In this activity, we will be using functions to describe the relationship between two variables. Functions model situations involving two variables (sometimes more), where one variable (the output of the function) depends only on the other (the input of the function). That is, we can determine the value of the dependent variable (output) just by knowing the value of the independent variable (input) and the relationship between the two variables (the function).

Just as we use letters as variables representing numbers, we use letters to represent functions. In both cases, there are many different uses of these variables:

We can use a variable to temporarily represent a definite, known number: If x = 3, then x² = 9	We can use a variable to temporarily represent a definite, known function: If f is the squaring function (i.e. f(x) = x²), then f(3) = 9
We can use a variable to temporarily represent a definite, unknown number: If x is the number of particles in the universe, then x is on the order of (roughly) 10⁸⁶	We can use a variable to temporarily represent a definite, unknown function: If f tells us the height of a ball thrown up in the air as a function of time, then f is increasing for a while, then decreasing.
We can use a variable to temporarily represent an indefinite number of some kind: If x is a positive number, then x = y² for some y.	We can use a variable to temporarily represent an indefinite function of some kind: If f is a strictly increasing function, then f takes on no maximum value.
We can use a variable to temporarily represent a generic number: For any number x, (x+1)² = x²+2x+1	We can use a variable to temporarily represent a generic function: If f is a function, and x is in the domain of f, then f(x) is in the range of f.
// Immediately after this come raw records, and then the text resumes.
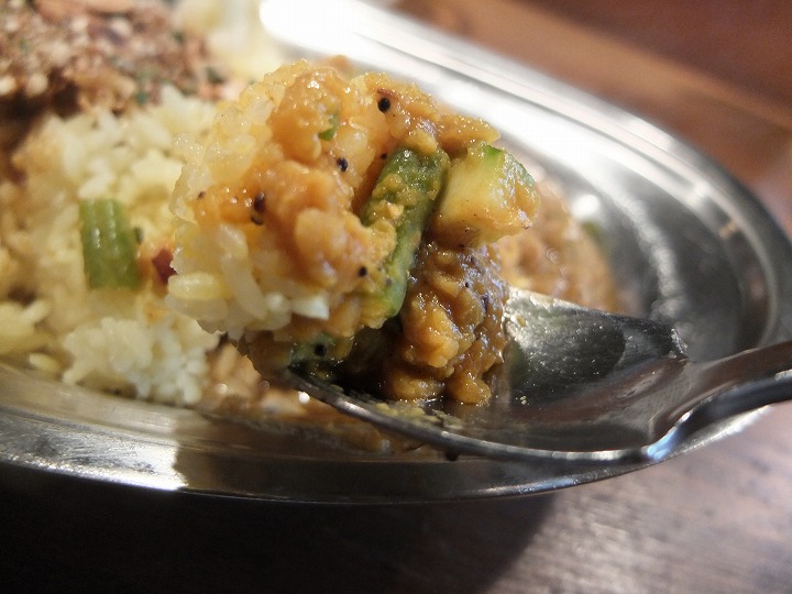 そして、残り1/3位くらいになったところで、辛口のキーマカリー、マイルドな豆カリーを混ぜていただきます。
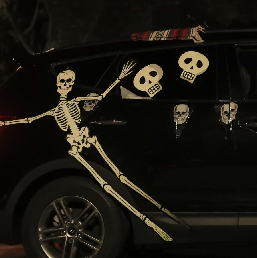 Skeleton props are displayed during Anaheim Halloween Parade, Oct. 26, 2019. (Xinhua/Li Ying)
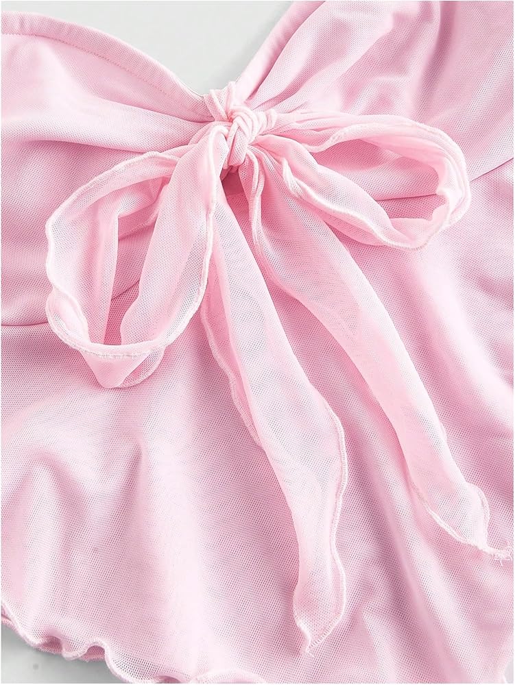 • Features: tie front, strapless, lettuce trim, strapless, sleeveless, flared, boho tube top
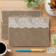 The burlap & lace collection is a stunning design featuring a lovely rustic burlap effect background with a romantic vintage white lace effect trim.
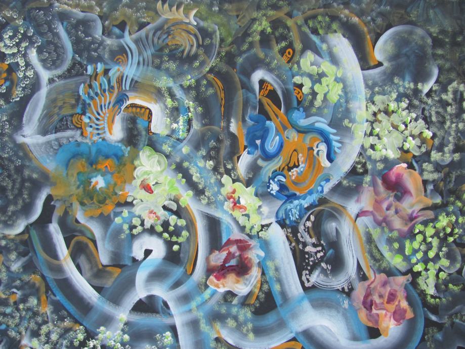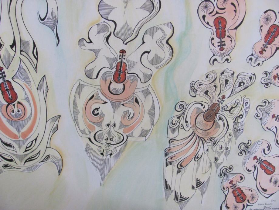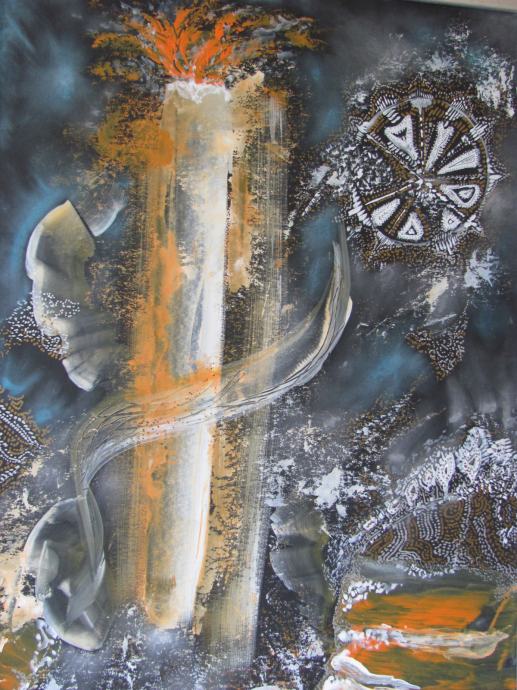Originalne umjetničke slike, apstraktne i semiapstraktne, na paspartu kartonu: akril, markeri, kreda.
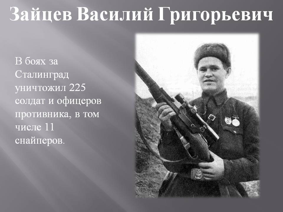 В ходе битвы за Сталинград прославился советский снайпер Василий Зайцев, который был не только метким стрелком, но и мастером трюков и «обманок». За 38 дней он уничтожил 225 фашистов, причем одиннадцать из них, как и он, были снайперами. За голову Зайцева фашисты назначали большую награду.
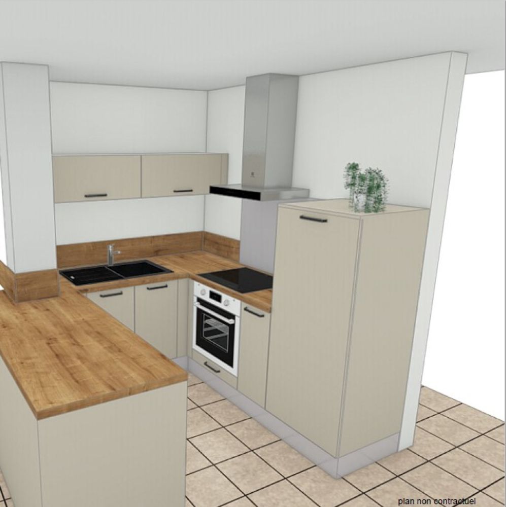 En voici une vue 3D, le rendu final est facile à imaginer et la cliente peut déjà se projeter dans sa future cuisine :
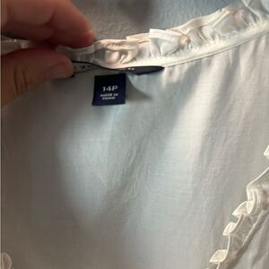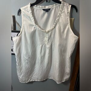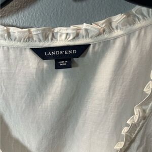 Land's End Sleeveless White Ruffle Blouse Size 14 Petite Swiss/ Baulmole
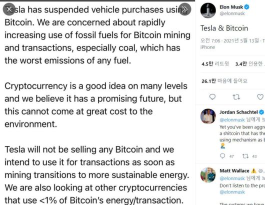 머스크는 테슬라가 보유 중인 비트코인을 팔지 않을 것이라고 덧붙였다. 비트코인 채굴 작업이 보다 지속가능한 에너지를 투입하는 형태로 전환되면 비트코인 결제를 다시 허용할 계획이라고 강조했다.
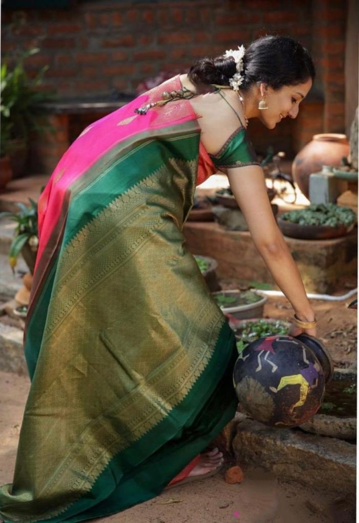 Technique - This Splendid Masterpiece is made of the finest KADWA technique. KADWA WEAVE is the most laborious, ponderous Artistic tradition of Banaras.

Notice that there are many ways of specifying a function, just as there are many ways of specifying a number. The most common way of specifying a function is to specify it's output for a generic input. For instance, we could define a function by saying f(x) = x² + 2x.

Caution: many sources (including me, when I'm not careful) will refer to the function f as f(x). That is, they will say something like "Let f(x) be an increasing function" as opposed to "Let f be an increasing function".

However it may help to think of the expression 'f(x)' as being a combination of the function f and the number x, just as we think of the expression 'x+1' as being a combination of the number x and the number 1, or 'x+y' as being a combination of the number x and the number y. In the case of each of these expressions, the result represents a number, and so we can use those expressions in situations where we expect to find numbers:

(x+1)+1
(x+1)²
f(x+1)
(x+y)+1
(x+y)²
f(x+y)
f(x) + 1
(f(x))²
f(f(x))

All of the expressions above make sense and represent numbers, in the sense that if we had a specific value of x and y and a specific function f and plugged them in to all of the above, they would all evaluate to some specific number.